Thank you very much for your answer. It seems to be that your message got tructated somehow, but I think I got the point.
I also did some searching on the web and found the following two pieces of code which both claim to calculate the determinant of a square matrix.


call dgetrf(n,n,a,n,piv,info)
det = 0d0
if ( then
det = 1d0
do 10,i=1,n
if (piv(i).ne.i) then
det = -det * a(i,i)
det = det * a(i,i)
10 continue


call dgetrf(n, n, a, n, ipiv, info)
if(info < 0) then
write(message(1),'(a,i4)') 'In states_mpdotp, LAPACK dgetrf returned error code ',info
call write_fatal(1)
ddet = M_ONE
do i = 1, n
ddet = ddet*a(i, i)
if(ipiv(i).ne.i) then
ipiv(ipiv(i)) = ipiv(i)
ddet = -ddet


So according to your explanation above the author of the first code did it right, while the other one falsely assumed that ipiv corresponds to a permutation vector as I did. Do I get this right?

You are correct.
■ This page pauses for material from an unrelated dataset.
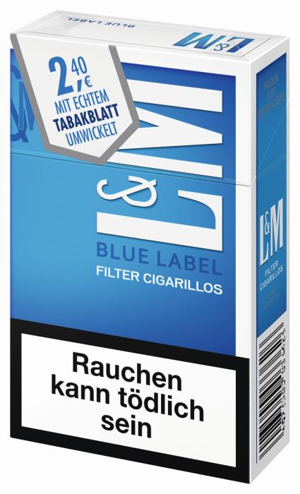 Philip Morris hat mit den L&M Filterzigarillos eine preiswerte Alternative zur Zigarette auf den Markt gebracht. Die L&M Filtercigarillos blue sind wie alle Eco-Cigarillos von Philip Morris im Kingsize-Format (normale Zigarettenlänge) erhältlich. Bei der neuen Ausführung des Eco-Zigarillos ist der Filter durch das äußere Deckund Umblatt vollständig umhüllt. Die Einlage besteht aus entripptem Mischtabak.

The second case treats ipiv as a permutation vector. I have not verified that the first loop is correct, either, but at least it is treating the ipiv vector as a pivot vector and not a permutation vector. I don't think the second case has the effect the user desires. Assume that for N = 3 the first two rows are exchanged with the last row. The pivot vector is (3,3,3). ipiv(ipiv(i)) = ipiv(i) for ipiv(i)/=i does not change the pivot vector. For instance, for i = 1, ipiv(1) /= 1 so the code says make ipiv(ipiv(1)) = ipiv(1). So ipiv(3) = ipiv(1) = 3, which is unchanged. The only reason the pivot vector needs to come into play for determining the determinant is to get the signs right. One of the things I had typed but which had gotten truncated in the previous message was that ipiv(i) >= i for all i since you never pivot with a row prior to row you are currently working on.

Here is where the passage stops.